Annual contracts drive stability: Annual members churn at just 11.6–13.6%, compared to 18–25.8% for month-to-month contracts. Steering stable, local members toward annual plans reduces early cancellations.
Engagement protects tenure: Members who check in at least 4 times per month churn at just 15.3%, compared to 43% for those with fewer visits. Structured activities deepen loyalty — churn falls to 17.3% for class participants, 12% for personal training clients, and just 11% for those who do both. Purchases add another layer of commitment, with buyers churning at 16.9% versus 28.3% for non-buyers.
Early warning signals are actionable: Inactivity of 30+ days raises cancellation risk to 43.9%, and members who pay more than half their bills late churn at 97.5%. Automated flagging, personalized re-engagement, and proactive payment interventions are essential to recover at-risk members.

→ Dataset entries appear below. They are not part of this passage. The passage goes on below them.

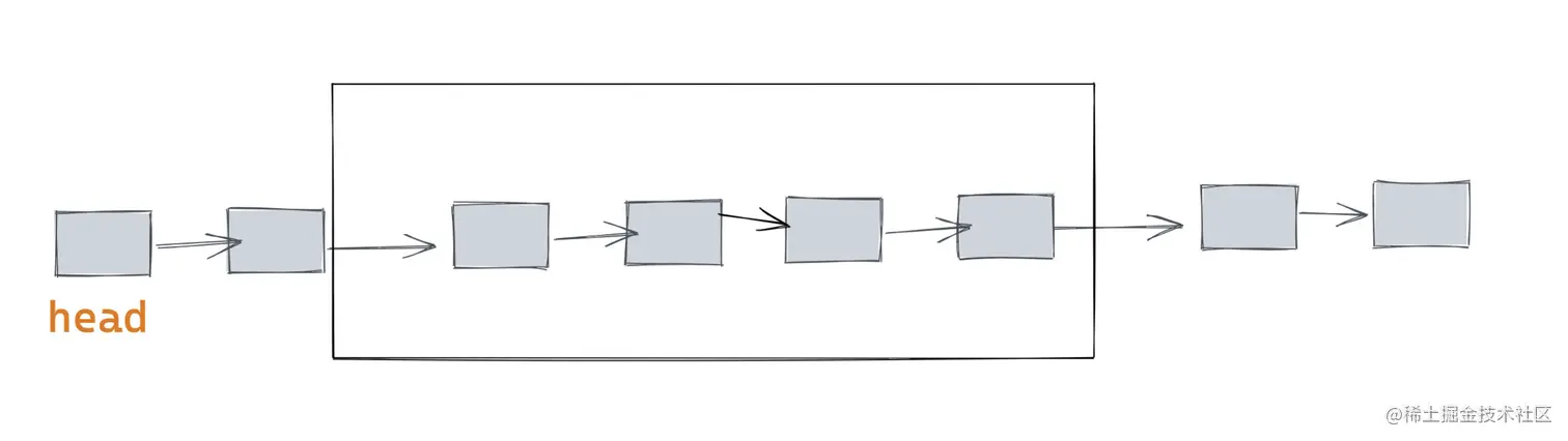 // 1->2->3->4->5->6 fast 跳2步,slow到3,rHead = 4->5->6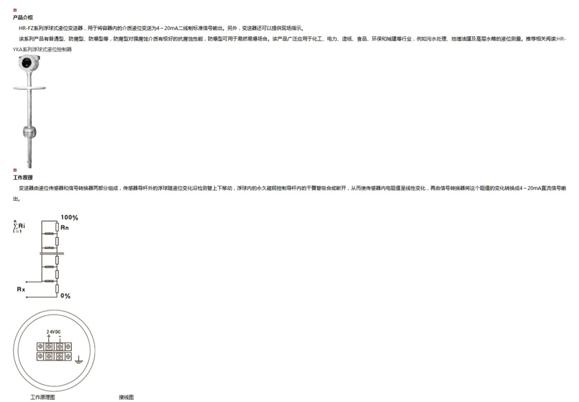 HR-FZ系列浮球式液位變送器,用于將容器內(nèi)的介質(zhì)液位變送為4~20mA二線制標準信號輸出。另外,變送器還可以提供現(xiàn)場指示。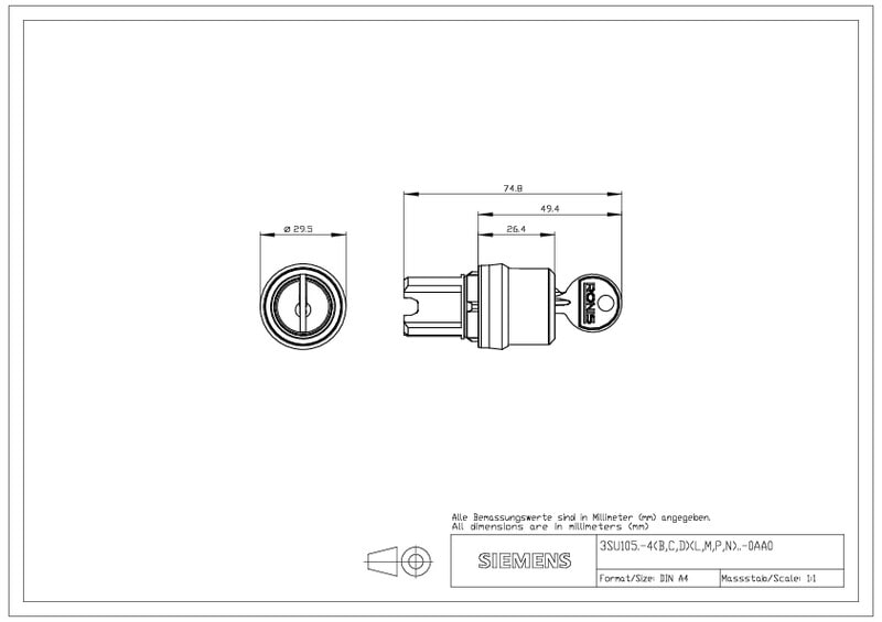 SIEMENS - Avainväännin - 3SU1050-4BL11-0AA0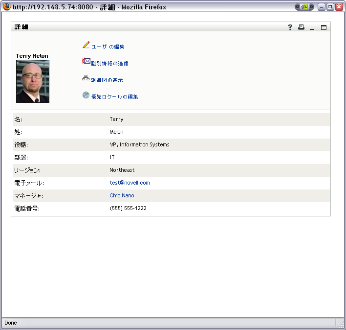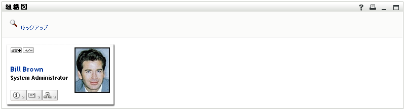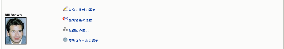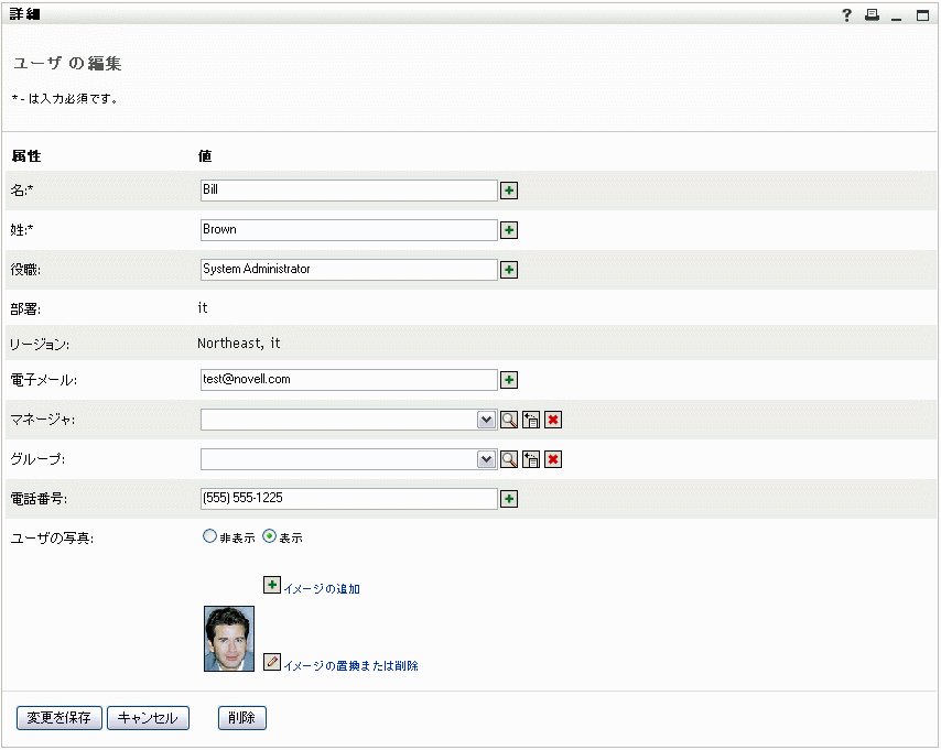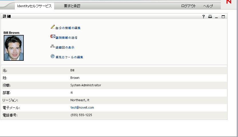 たとえば、(必要な権利を持っている)Bill Brownというユーザが自分自身の情報を編集するときに[Detail]ポートレットにより\'95\'5c示される内容は次のとおりです。
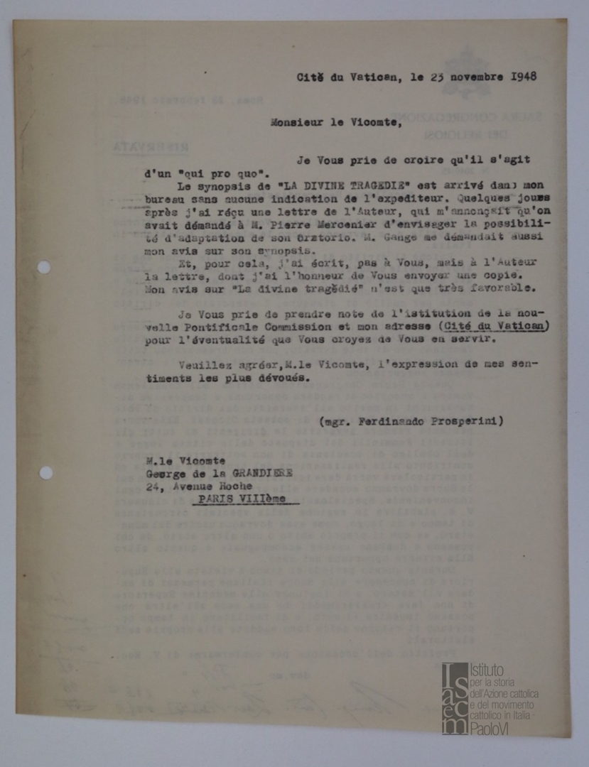 Mons. Ferdinando Prosperini scrive a George de la Grandiere a proposito del progetto dell'opera La Divine Tragedie. Dattiloscritto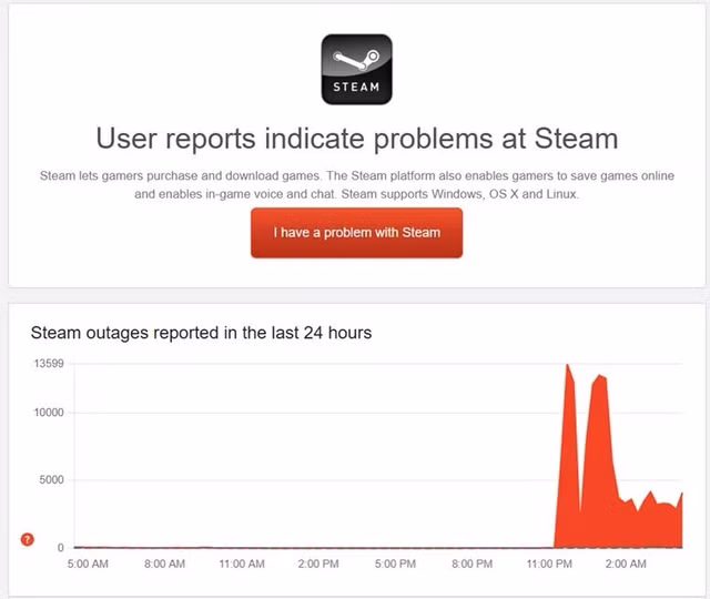 Vào đêm Giáng sinh, Steam gặp sự cố gián đoạn dịch vụ, tạm thời ngừng hoạt động và khiến nhiều người dùng không thể truy cập vào cửa hàng. Mặc dù nền tảng thông báo đã khôi phục một sau khoảng 1 giờ, nhưng các báo cáo cho thấy vấn đề vẫn tiếp diễn đối với một lượng lớn người dùng ngay cả sau khi dịch vụ được khôi phục một phần.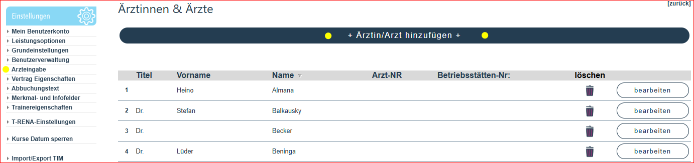 Anlage der Arztliste in myYOLO und die dazu gehörigen Angaben.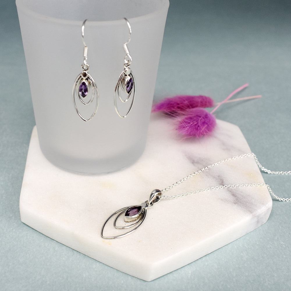 Double marquis framed faceted amethyst and silver pendant

Retention hinges on aligning commitment with engagement. By promoting longer-term contracts, embedding members in structured activities, and acting quickly on payment or attendance red flags, IKIGAI GYM can meaningfully extend the average membership lifecycle and unlock steady, sustainable growth.
The fitness club IKIGAI GYM operates in a competitive urban market where seasonal spikes and transient population make retention critical for profitability. The club is overseen by a small corporate division responsible for staff, compliance, and financial performance.
Member retention is currently only monitored through basic churn reports, with limited visibility into member lifecycles or behavior leading up to cancellation. Experiencing only seasonal sales peaks (January, June, August) further challenges long-term growth. The corporate team is particularly interested in extending the average membership lifecycle during slower months to stabilize revenue.
As a data analyst I was able to retreive the following csv files from the manager.

Disclaimer: Synthethic IKIGAI-GYM DB
From August 2023 to August 2025, the gym sold 1,000 memberships. Of these, 682 remain active and 318 have canceled. The member base is 59.8% male and 40.2% female, with an average age of 35 ± 9.4 years.

We observe an initial sales peak at the beginning of the year, followed by slower months towards June, a pick-up during the summer with seasonal peaks (June & August), and decreases during winter.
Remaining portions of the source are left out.